Your copy should hold only the lines from the one with "Если важно акцентировать" to the one with "This vibrant canvas", both included, each exactly as it stands below, with no pictures.

→ INPUT:
↓↓↓
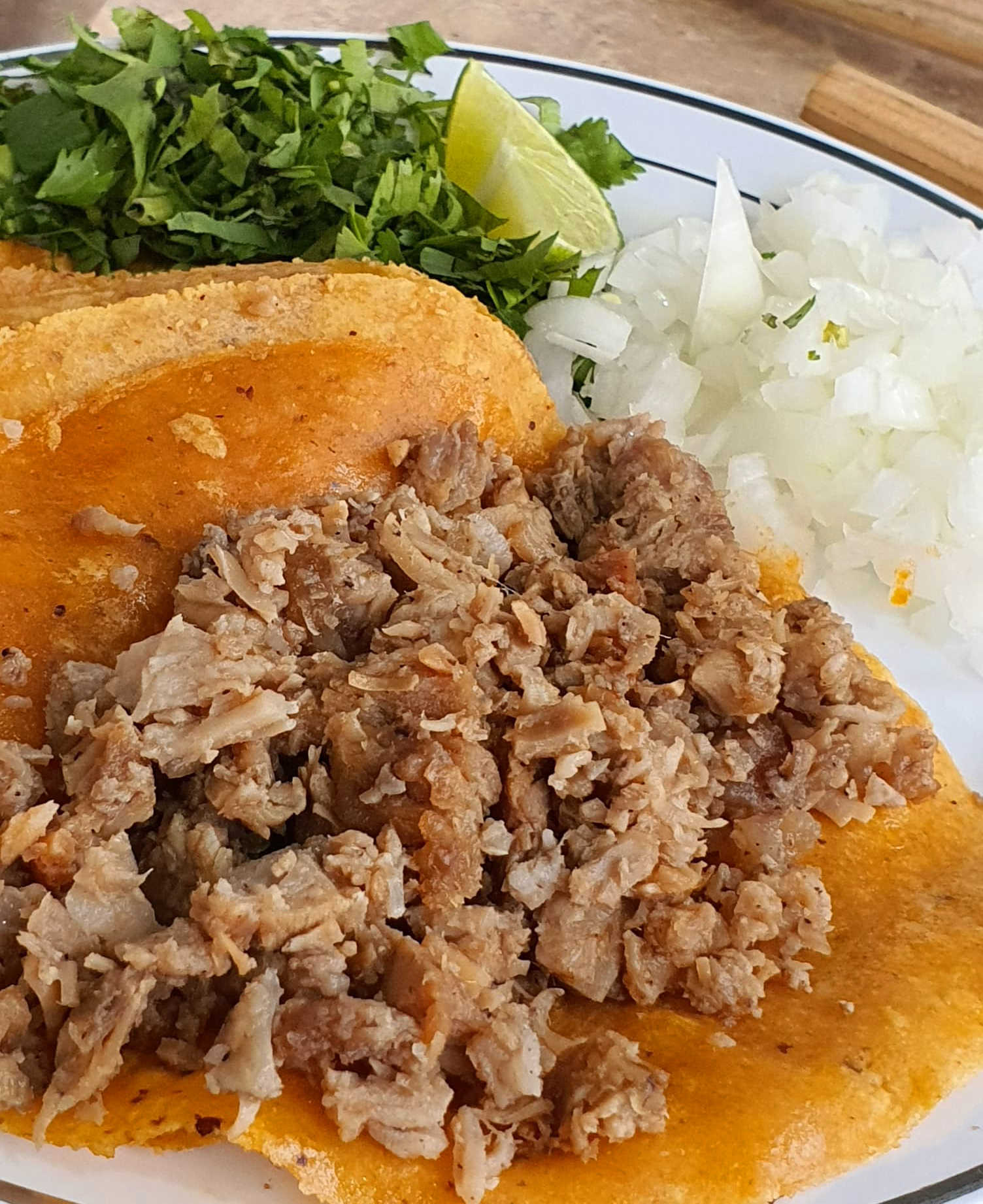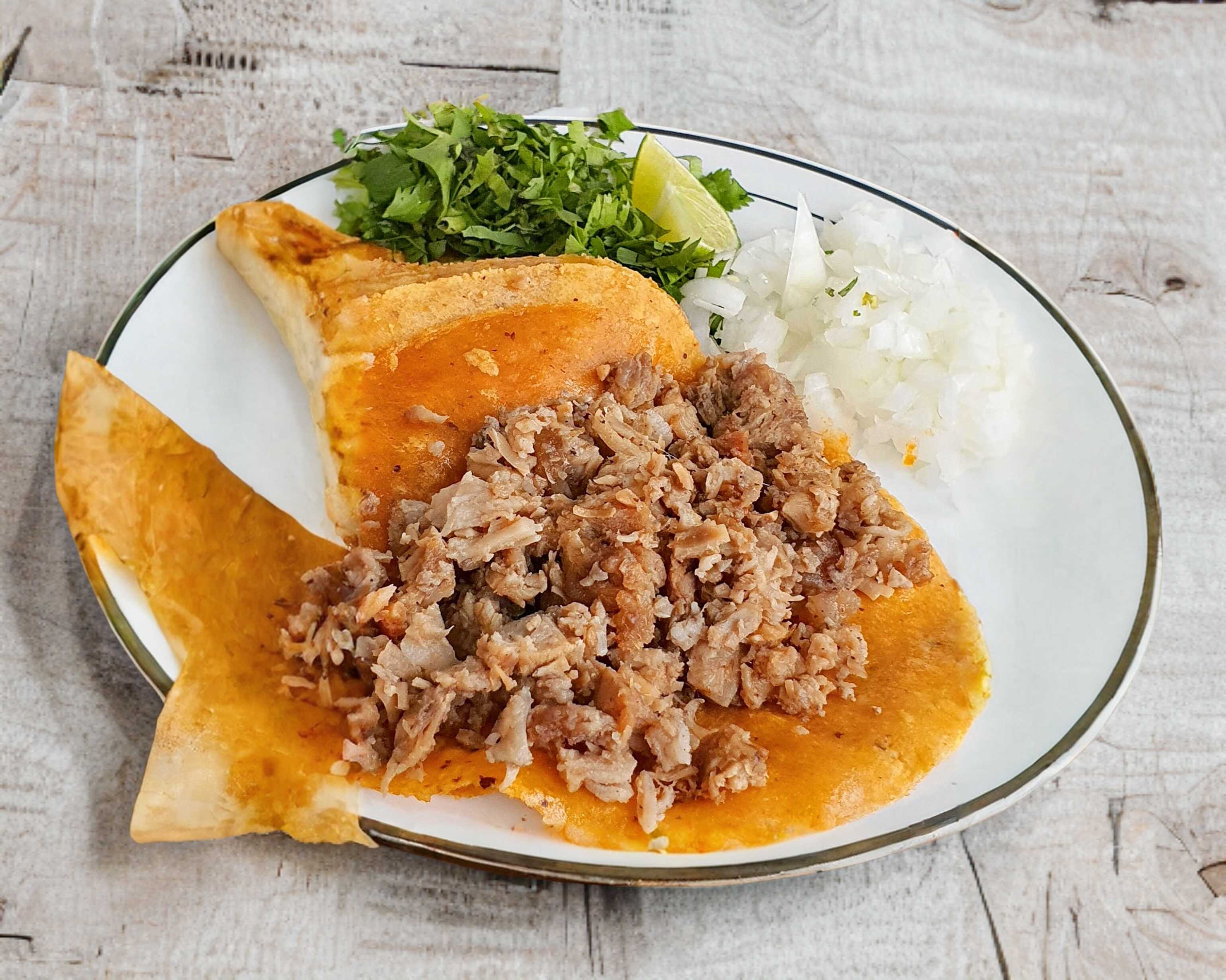 Rica deshebrada guisada. Pueden ser de harina o de maíz.
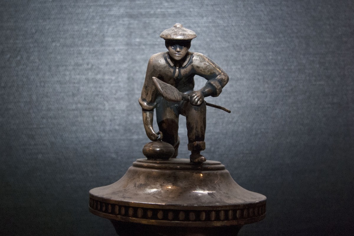 An old curling trophy in UM Archives& Special Collections
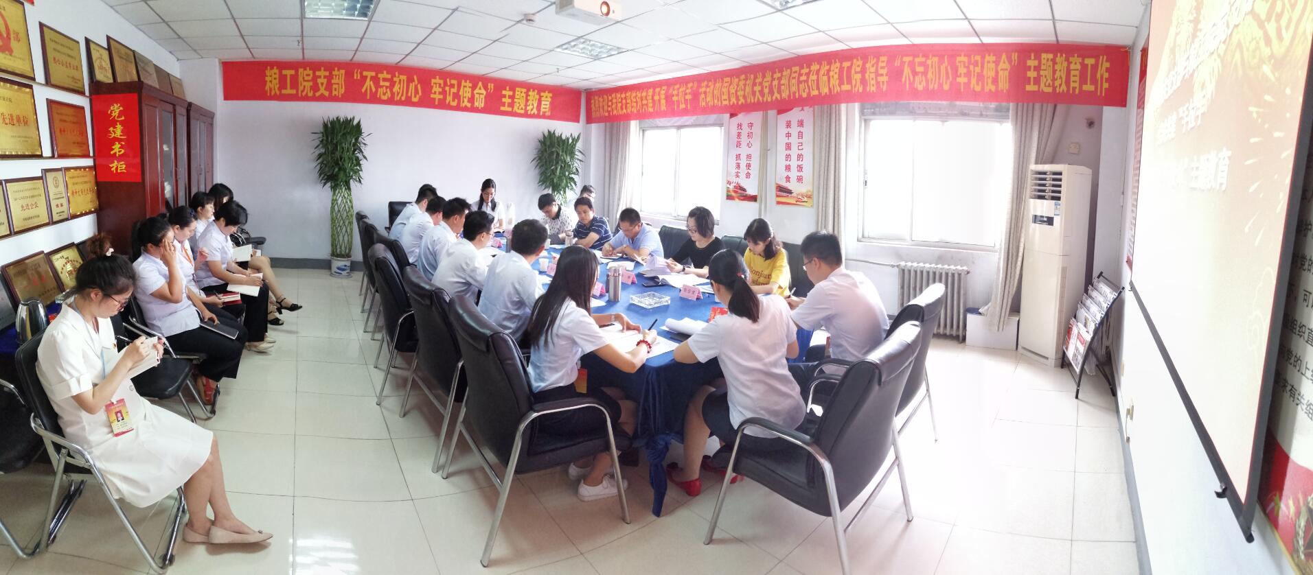 粮工院支部书记梅海宇就院基本情况、“不忘初心、牢记使命”主题教育、党建工作、廉政建设、生产经营、问题与不足等方面作了详细汇报。
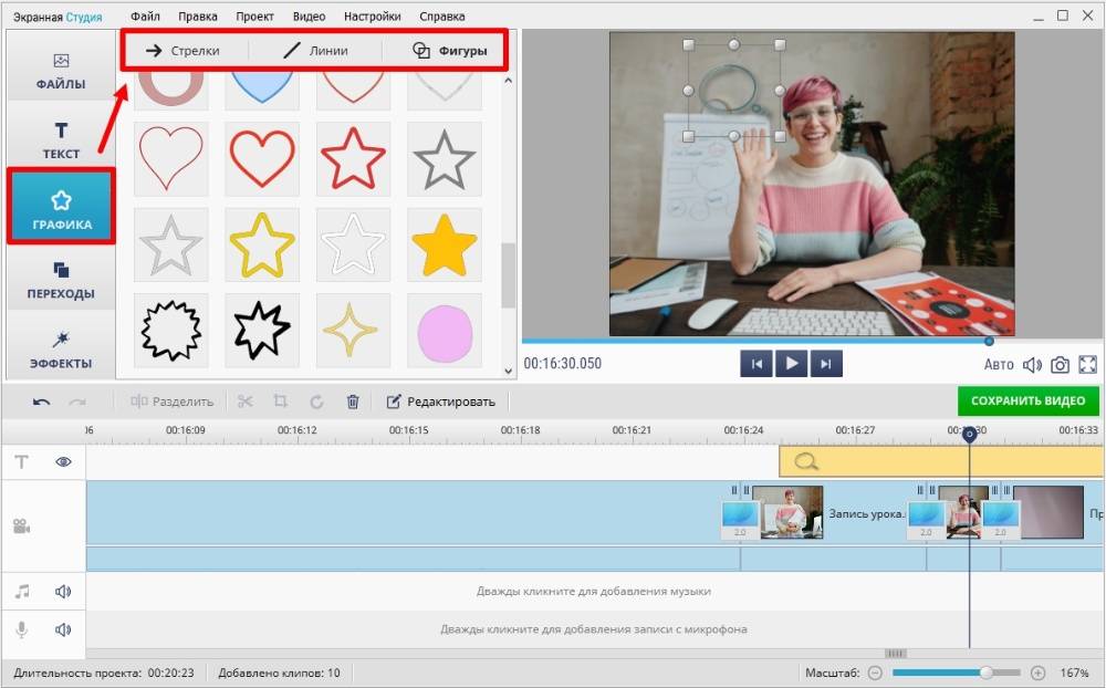 Если важно акцентировать внимание на некоторых областях экрана, используйте графические элементы: стрелки, овалы, линии и другие фигуры. Щелкните на понравившийся элемент и расположите его на экране, отредактируйте размер и прозрачность, добавьте анимацию или тень
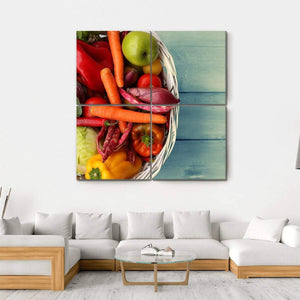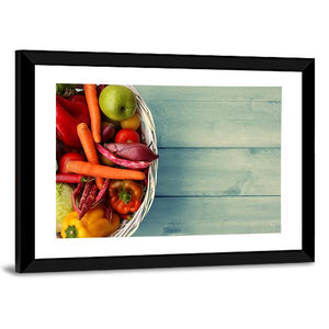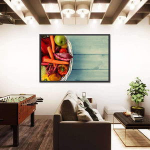 This vibrant canvas art features a close-up of a wicker basket filled with fresh vegetables like carrots, peppers, and cabbage. The colorful palette evokes a healthy, inviting atmosphere, perfect for adding a touch of nature to your kitchen or dining area.
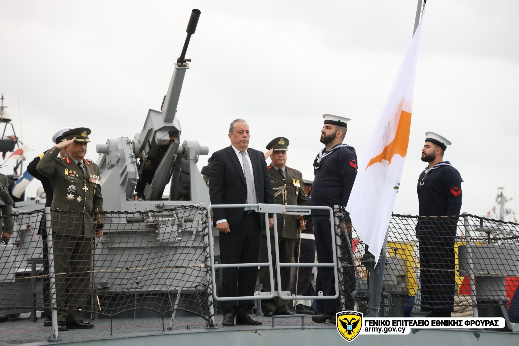 Με την ολοκλήρωση της τελετής, έγινε ρίψη στεφάνου στη θάλασσα από τον Υπουργό Άμυνας και τον Αρχηγό ΕΦ, προς τιμή των πεσόντων.
↑↑↑
→ FINISHED EXERCISE:
 Если важно акцентировать внимание на некоторых областях экрана, используйте графические элементы: стрелки, овалы, линии и другие фигуры. Щелкните на понравившийся элемент и расположите его на экране, отредактируйте размер и прозрачность, добавьте анимацию или тень
 This vibrant canvas art features a close-up of a wicker basket filled with fresh vegetables like carrots, peppers, and cabbage. The colorful palette evokes a healthy, inviting atmosphere, perfect for adding a touch of nature to your kitchen or dining area.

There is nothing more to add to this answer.